Published in conjunction with the screening of The Merry Widow at SFSFF 2023
When Dutch composer and pianist Maud Nelissen was commissioned to write accompaniment for Erich von Stroheim’s The Merry Widow, the first thing she did was look for the original score. But the music by William Axt and David Mendoza, who also composed for La Bohème, The Big Parade, and The Student Prince in Old Heidelberg, was nowhere to be found. Instead, Nelissen decided to go back to the beginning: the original 1905 operetta by Franz Lehár. A graduate of the venerable Utrechts Conservatorium she certainly had the classical chops to adapt it—and the composer’s estate agreed. Now with their blessing, she had to figure out how to reconcile the lighter tone of the operetta with the famously gimlet-eyed view of the film’s director, who had taken broad liberties with the story. When she spotted an accordion player during one of the film’s Balkan inn scenes, she hit on her solution. The accordion, she says, “has big possibilities, it can go really low and really dark”—so she used it to weave in some Romani songs as well as composed modern sound clusters that she has called “the black icing on a sweet cake” of Lehár’s music. Since then she’s accompanied the film over the years with both chamber and large orchestras, and Nelissen says she’s excited to return to the roots of her composition and present it again with a small ensemble, the Mont Alto Motion Picture Orchestra.
How did you go from graduating with honors in classical piano to accompanying silent films?
I was asked to jump in for another pianist at the Amsterdam archive and I really enjoyed it. My teacher at the conservatory was against it; he said it was too obscure. But I had been mesmerized by the images and the possibilities for sound accompaniment and it stayed in the back of my mind as something I could do. For my own benefit I used to spend time trying to understand Charlie Chaplin’s film scores, staying up late working out the orchestral arrangement on the piano. It was just luck years later when I was asked to play for a week-long program in Italy with Eric James, who was Chaplin’s last arranger. He was really surprised when I could play The Kid on the piano:
“Who is this lady from Holland?!” It changed my life really. He was the musician I wanted to be. That older generation, they were so versatile. They could play a Bach toccata as easily as they could play ragtime. To them there was not a big difference between light music and classical music—they played everything. It took a while for me to get out of the fenced-in mode of a classical pianist, but I got addicted to silents. I was happy that it was in the dark and that it’s not all about me. I get totally taken away by the poetry of the images.

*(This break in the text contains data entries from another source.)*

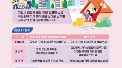 파주시, 생애 최초 주택 취득세 감면 확대 적용 - 12억원 이하 생애 최초 주택 구입자…200만원 한도 취득세 면제 - 소득 관계없이 2022.6.21. 이후 소급 적용, 지자체에 환급 신청 파주시가 생애...
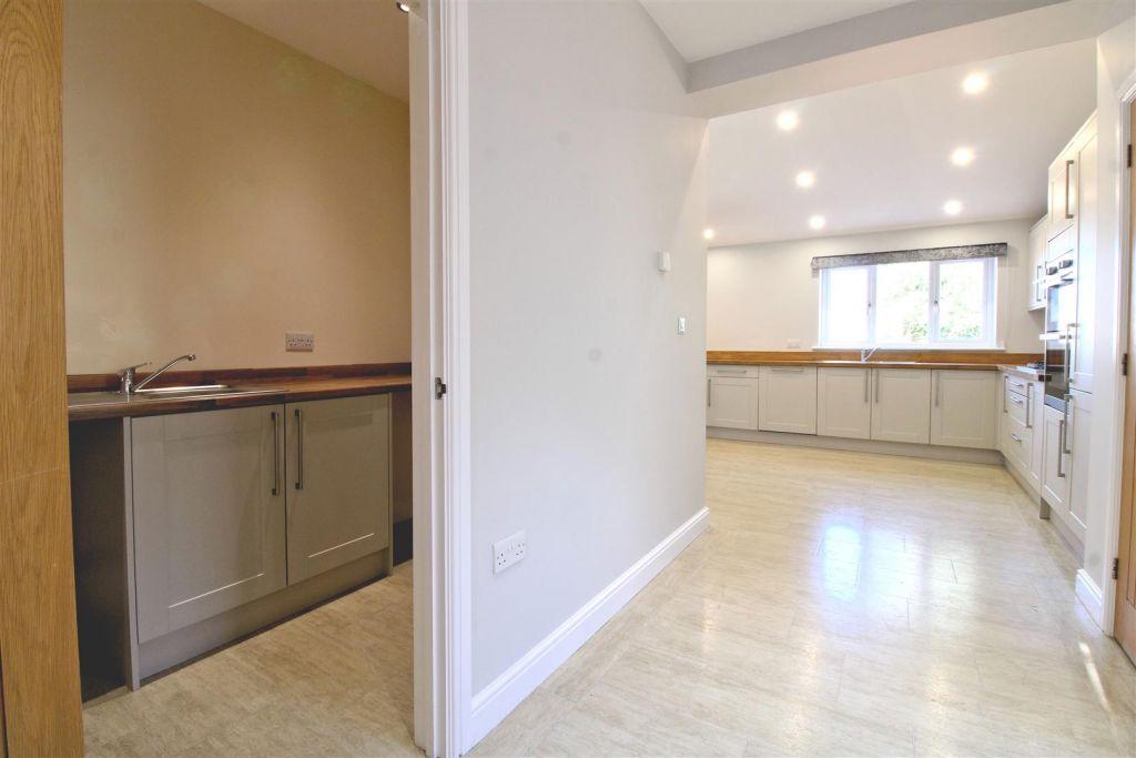 Kitchen/Dining Room - 7.87m x 7.14m (max) (25'10 x 23'5 (max)) - Bright and spacious room with a range of wall base and drawer units with worktop over. Integrated gas hob, dishwasher, and double oven. Large storage cupboard that houses the boiler. Tile effect flooring, French doors to the side aspect leading to the garden and two windows to the rear aspect.
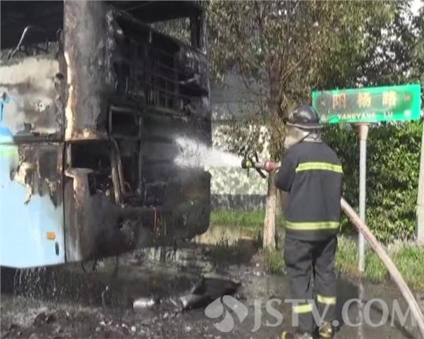 大巴车驾驶员:我这里开过来,开过来等红绿灯,然后反光镜看到后面冒烟了,然后我拐过来,拐过来停了打开那个么里面已经着了,里面着了么我拿灭火器喷了已经没有了。肯定是后面哪个地方短路了。
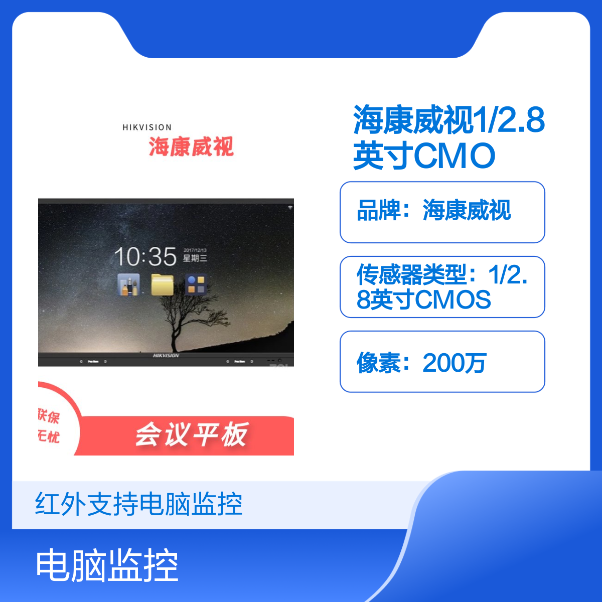 品牌:海康威视是否进口:否是否支持红外:是是否支持电脑监控:是分辨率:1920*1080红外灯照射距离:150米类型:会议平板OPS电脑是否支持实时画面:是特色服务:全国联保售后无忧图像传感器:1/2.8英寸CMOS像素:200信噪比:大于等于55db型号:DS-D5AC9C7-16S2变焦倍数:16倍

Can you talk a bit about how you’ll play for The Merry Widow?
I’ll be playing piano and conducting Mont Alto, with five added musicians. I heard Mont Alto play at SFSFF in 2016 and was struck by their wonderful music. You can really feel the bond they have with each other, like one of those long, good marriages.
Did you stick to the time period when composing or did you think about how this music has accumulated meaning in the years since, especially the waltz?
I stuck to the time period. The music is sixty percent Lehár, forty percent my own, but I really honored Lehár. I had a very old record of the operetta, with Elisabeth Schwarzkopf singing, and was totally taken away by its lyricism. The waltz is still such a beautiful waltz. Makes me cry, always.
You’ll also play for The Organist at St. Vitus Cathedral.
Yes. It’s not like The Merry Widow at all! I first played for the film last year in the Czech Republic. It’s a strange film, a horror film in some ways but at the same time a love story. Some unbelievable things happen, like would happen in a dime-store novel, but the movie has an Expressionist feel, so you don’t mind the unbelievable parts. There is a lot of suspense, especially at the beginning, so I’ll keep the music to a minimum there. I quote some late Romantic composers, including a Scriabin sonata. The atmosphere of the film, how it depicts Prague, the old streets at night in the mist, drew me back to classical composers.
The Czechs loved the screening so much that I played for it again at Smetana’s Litomyšl festival in June. My goal in life is to make these kinds of connections to other art forms, encourage more crossover. This is a good film for that. So is The Merry Widow; it would fit nicely into a classical music festival.
Can you tell me about your ensemble The Sprockets?
We have percussion, a brass section, banjo, mandolin. We’re a project orchestra and play for comedies, smaller films, a lot of women’s films, most recently in Switzerland for It with Clara Bow. We’re like Mont Alto in that we’ve been together a long time. I am a big believer in playing with the same musicians. If you use the same people, there is something extra, an energy. We’re seven musicians so we’re expensive, but I prefer to play less and play together.
Do you have an overriding philosophy for accompanying silent films?
Whether it’s composing, performing, or even in daily life, I believe you have to find a certain intensity in everything. It’s actually the way Stroheim makes his films, giving off these intense vibrations, in a good way though, otherwise you’re stressed. [Laughs.] I also look for human proportions in everything. Everything else comes after those two things: intensity and humanity. A sense of humor also doesn’t hurt. It’s like what Chaplin said about humor being very close to drama. You are on that razor’s edge and have to be able to change very quickly between the two.